PROBLEM DESCRIPTION: The records below are to be returned word for word, with pictures left out.

Start of LISTED ENTRIES

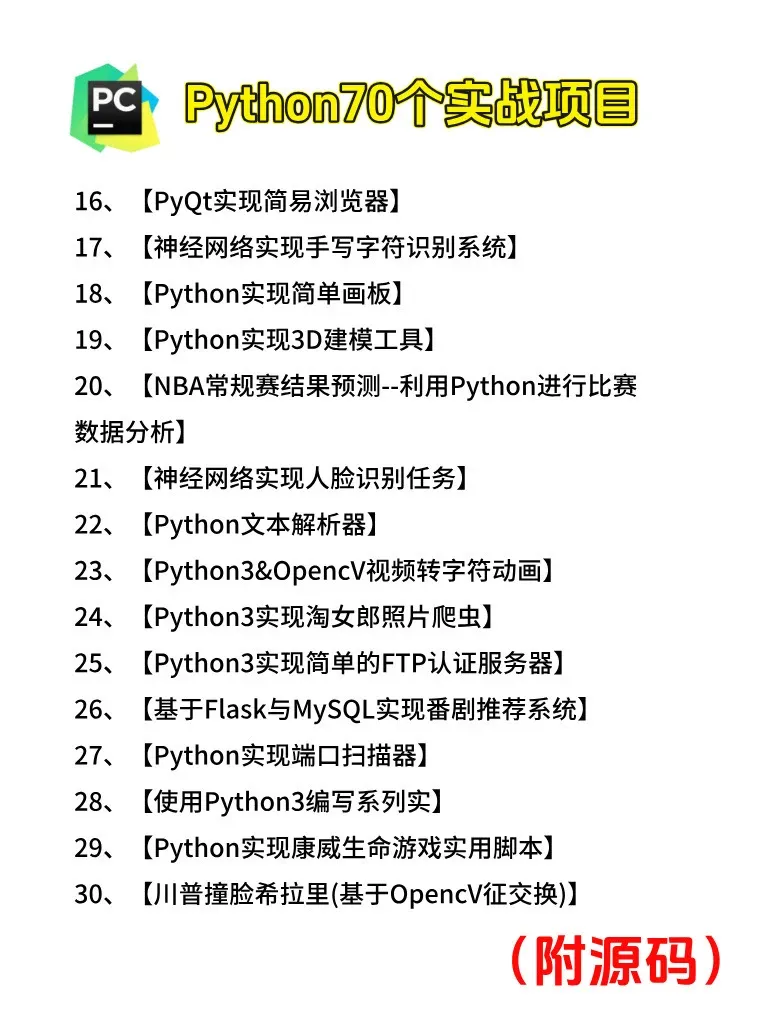 今天给大家整理的70个项目,大家可以一边动手操作,一边学习❗❗好记性不如烂笔头 练完相信会对你的Python技术有不小的提高。
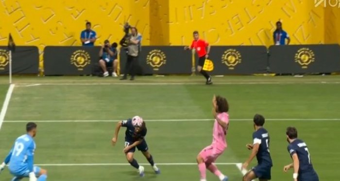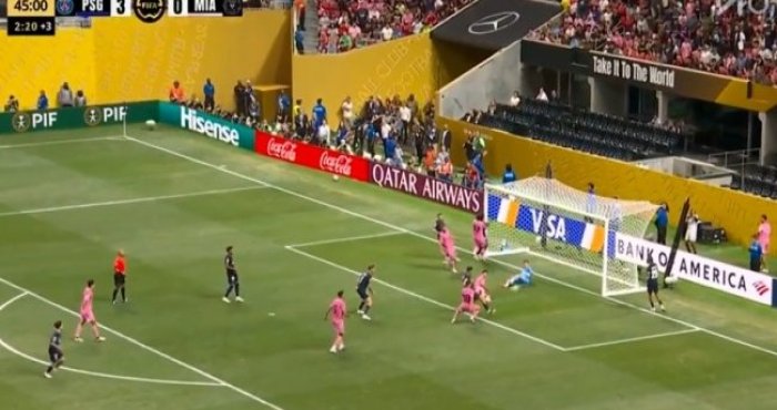杜埃造阿維萊斯烏龍!第45分鐘,杜埃右路下底傳中,皮球打在阿維萊斯身上折射,隨后飛進自家大門,巴黎圣日耳曼3-0邁阿密國際!↓
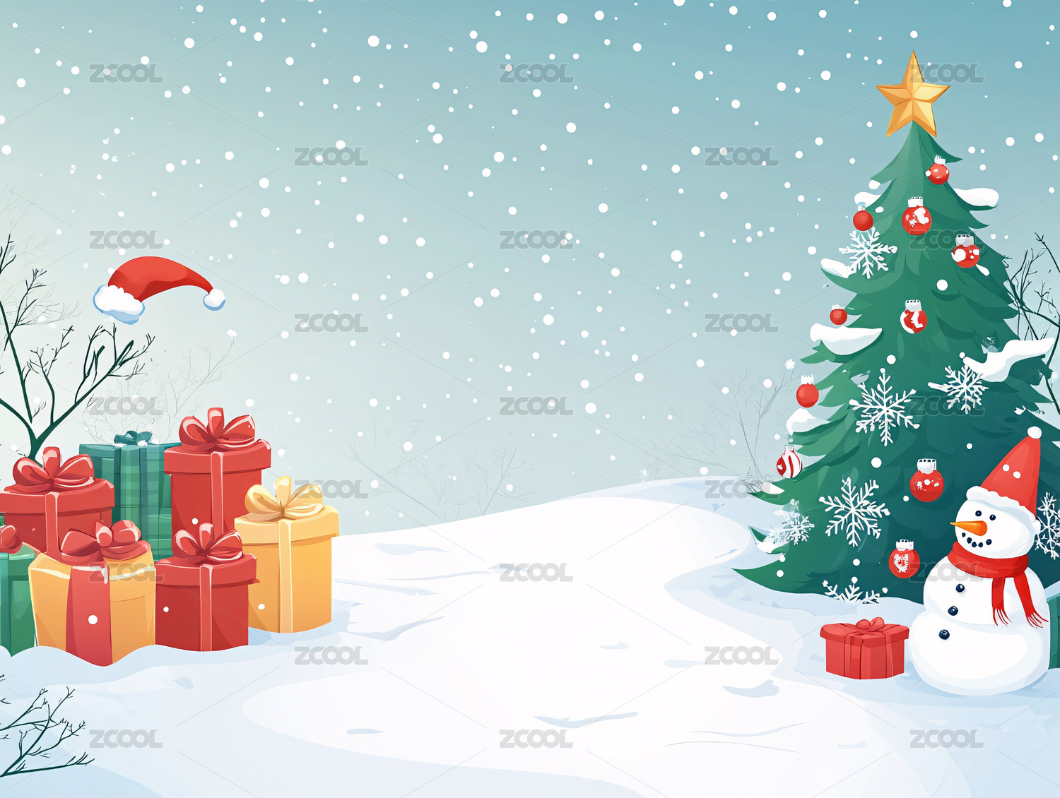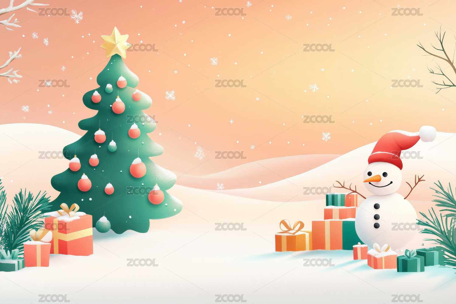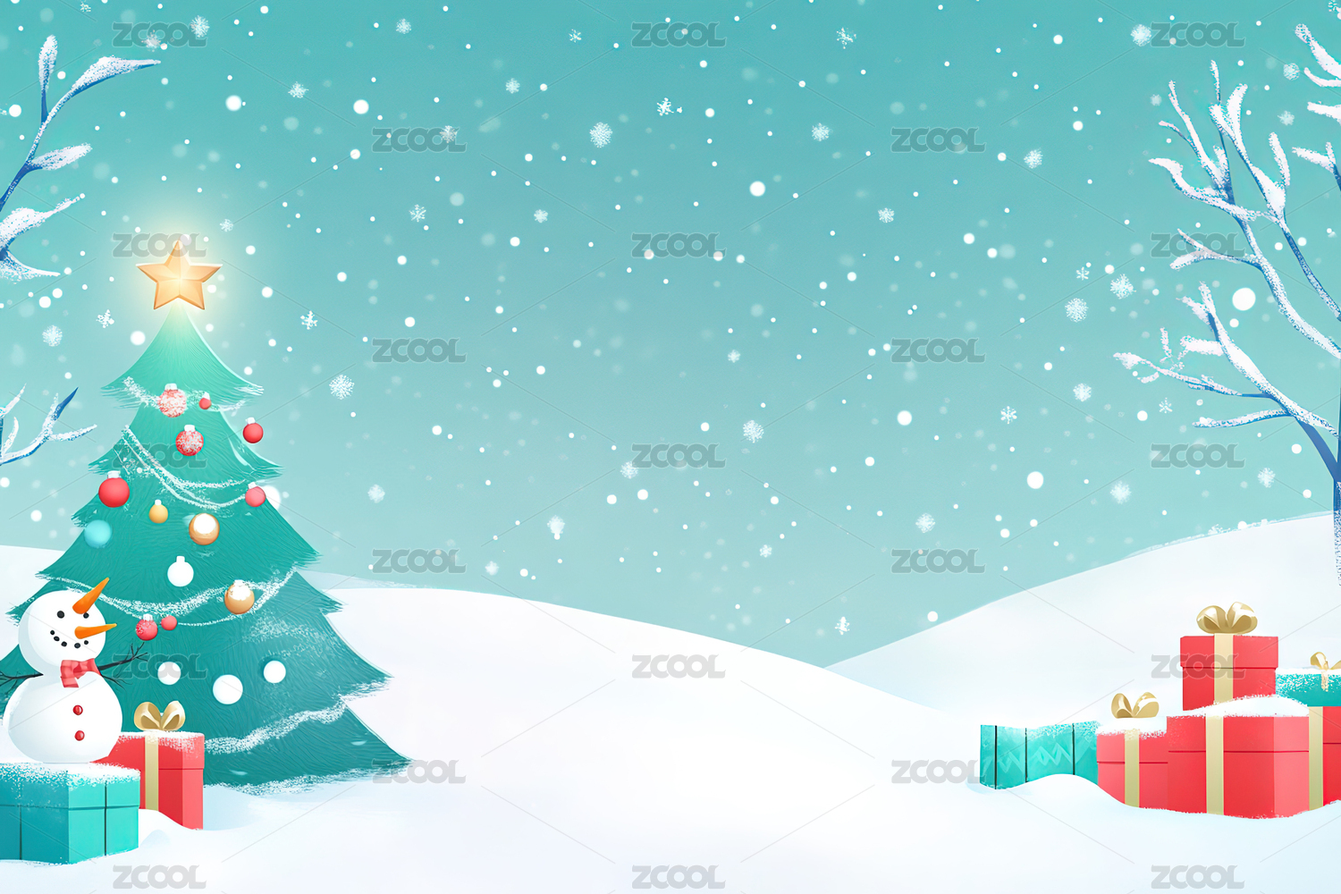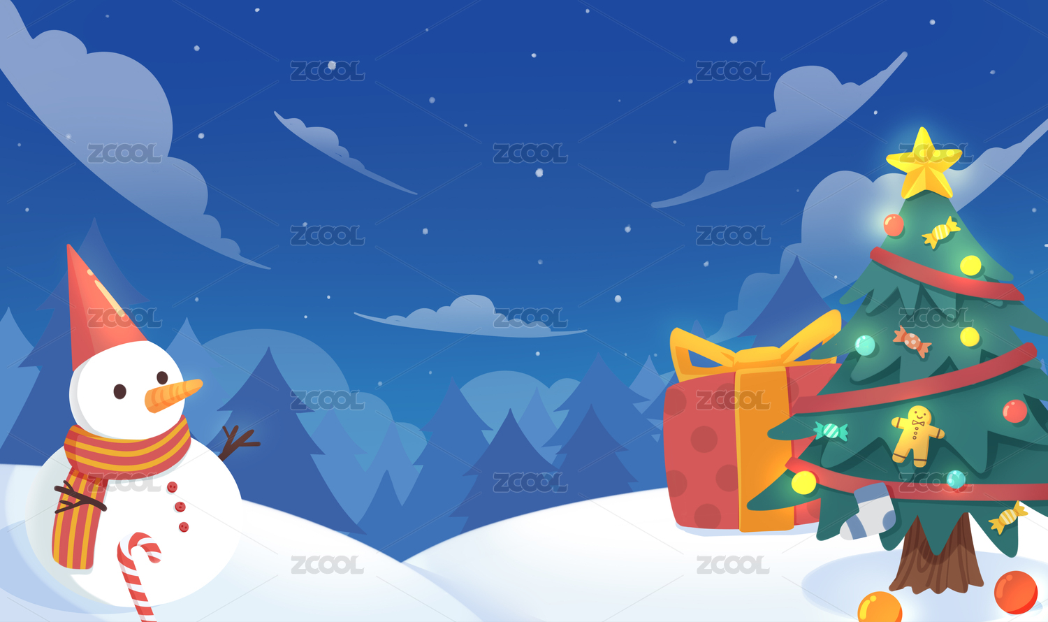 圣诞节雪人节日礼物插画冬天圣诞树背景海报
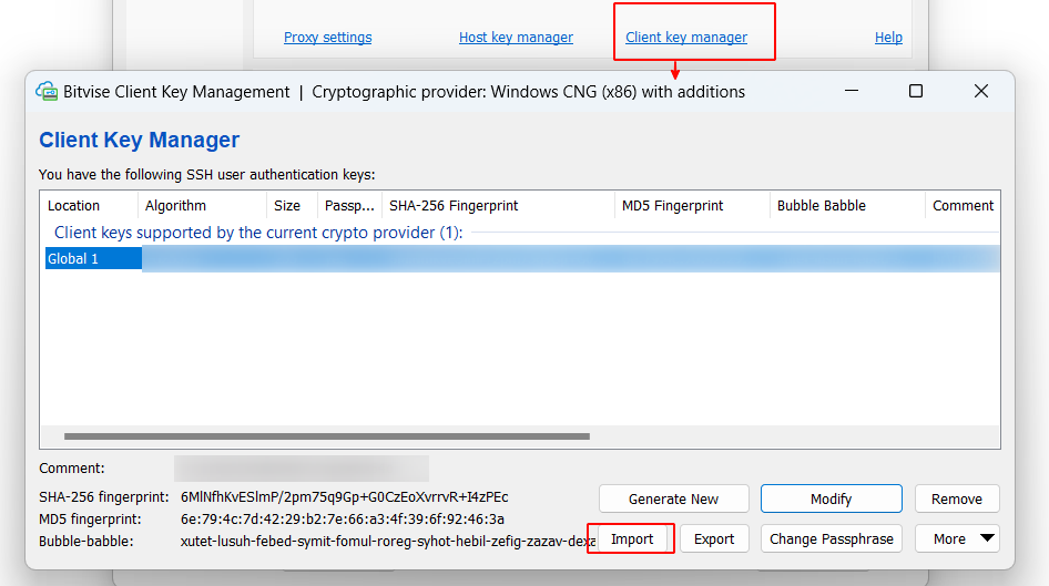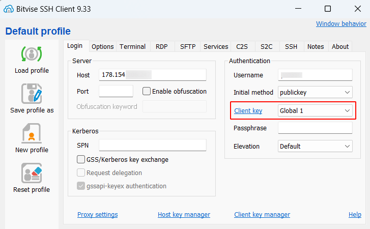 3) Далее надо импортировать закрытый ключ в профиль BitVise клиента, как показано на картинке:
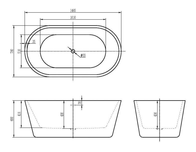 Расположение перелива: по центру
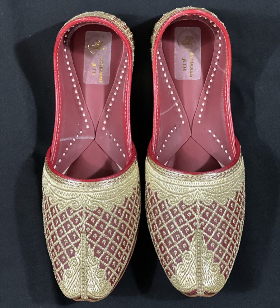 Step into tradition with our Men’s Tilledaar Jutti in rich red polished leather, featuring intricate golden tilla embroidery in a striking diamond pattern. This handcrafted masterpiece is a celebration of timeless artistry, designed for men who appreciate cultural roots with a modern edge.
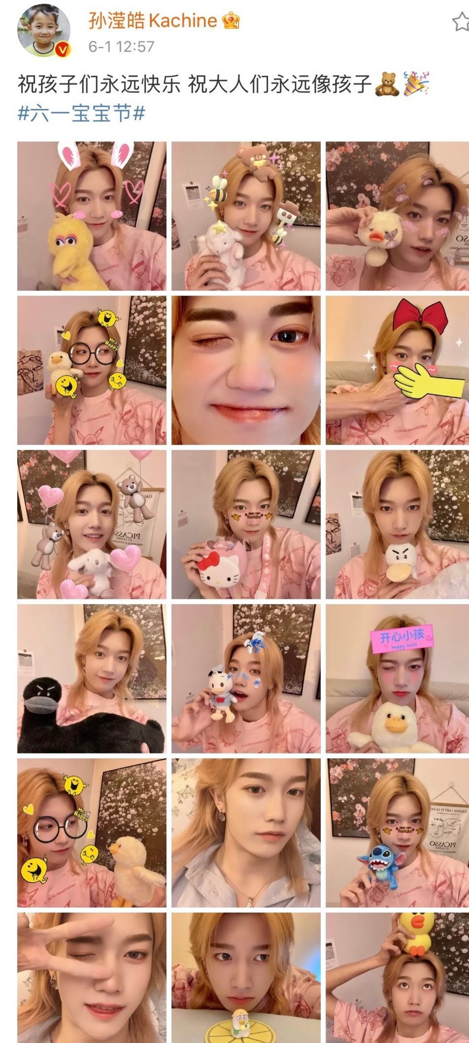 6月1日是国际儿童节,不少明星艺人纷纷在各自的社交账号上更新状态,祝福网友节日快乐。《青春有你3》的训练生孙滢皓也赶上“祝福”列车,在微博上大晒多达18张自拍照,配文表示:“祝孩子们永远快乐 祝大人们永远像孩子”。

End of LISTED ENTRIES

EXERCISE OUTPUT:
 今天给大家整理的70个项目,大家可以一边动手操作,一边学习❗❗好记性不如烂笔头 练完相信会对你的Python技术有不小的提高。
杜埃造阿維萊斯烏龍!第45分鐘,杜埃右路下底傳中,皮球打在阿維萊斯身上折射,隨后飛進自家大門,巴黎圣日耳曼3-0邁阿密國際!↓
 圣诞节雪人节日礼物插画冬天圣诞树背景海报
 3) Далее надо импортировать закрытый ключ в профиль BitVise клиента, как показано на картинке:
 Расположение перелива: по центру
 Step into tradition with our Men’s Tilledaar Jutti in rich red polished leather, featuring intricate golden tilla embroidery in a striking diamond pattern. This handcrafted masterpiece is a celebration of timeless artistry, designed for men who appreciate cultural roots with a modern edge.
 6月1日是国际儿童节,不少明星艺人纷纷在各自的社交账号上更新状态,祝福网友节日快乐。《青春有你3》的训练生孙滢皓也赶上“祝福”列车,在微博上大晒多达18张自拍照,配文表示:“祝孩子们永远快乐 祝大人们永远像孩子”。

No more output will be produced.